Southampton Neighborhood Association


The Idea

Let's imagine a group sitting around making conversational connections as folks tend to do. The talk turns to "I remember here in Southampton..." and the stories start. Some true. Others perhaps tall tales. The fun conversations continued across the years until someone said, "We should write a book about our neighborhood…"
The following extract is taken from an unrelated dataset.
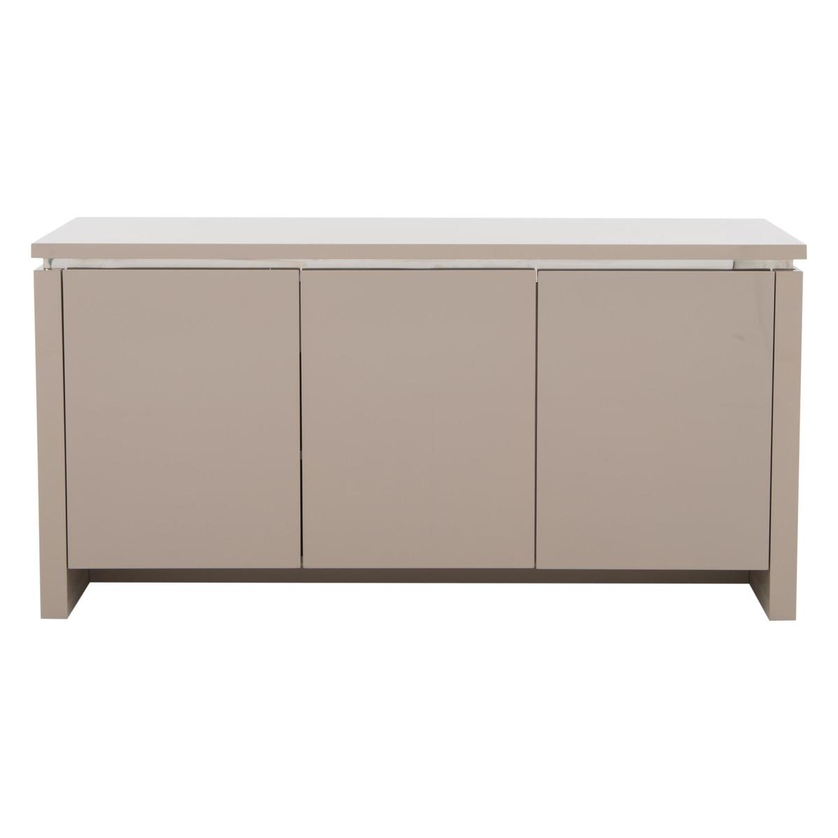 Modern, high gloss lacquered wood sideboard. In a choice of 4 colours – black, white, taupe or cream. 3 roomy shelved cupboards with soft close doors. Cupboards have no handles, for a sleek profile. Fitted drawers inside offer additional storage. Beautiful in the dining room, living room or hall. Complements the Malibu dining table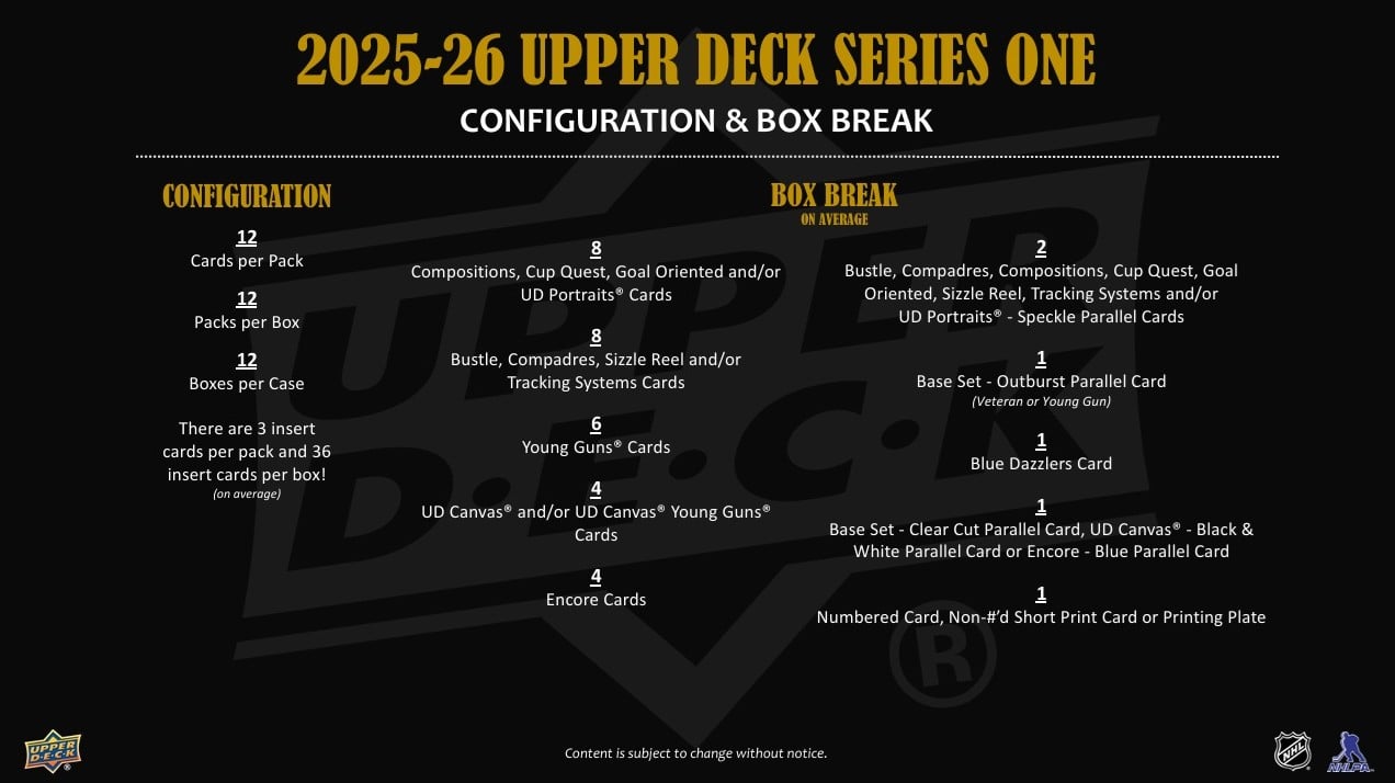 – 1x limitovaná kartu/Short Print kartu a/nebo Printing PlateSeries 1 je každoročně nejsbíranější hokejový set. Obsahuje celkem 250 karet:

And so they did. It was not just a labor of love for Southampton--it became an ambitious project that would consume any spare time that a handful of Southampton neighbors and former residents would have in the months and years ahead. Ever so slowly the photos and stories were collected and sorted. A treasure trove of historic photos from Southampton's own Hope Evangelical Lutheran Church were made available to the group and became the main source for the large number (over 200) of photos that made the final draft. After a great deal of hard work, five authors emerged who fleshed out the research and created a charming set of articles about the neighborhood’s history. 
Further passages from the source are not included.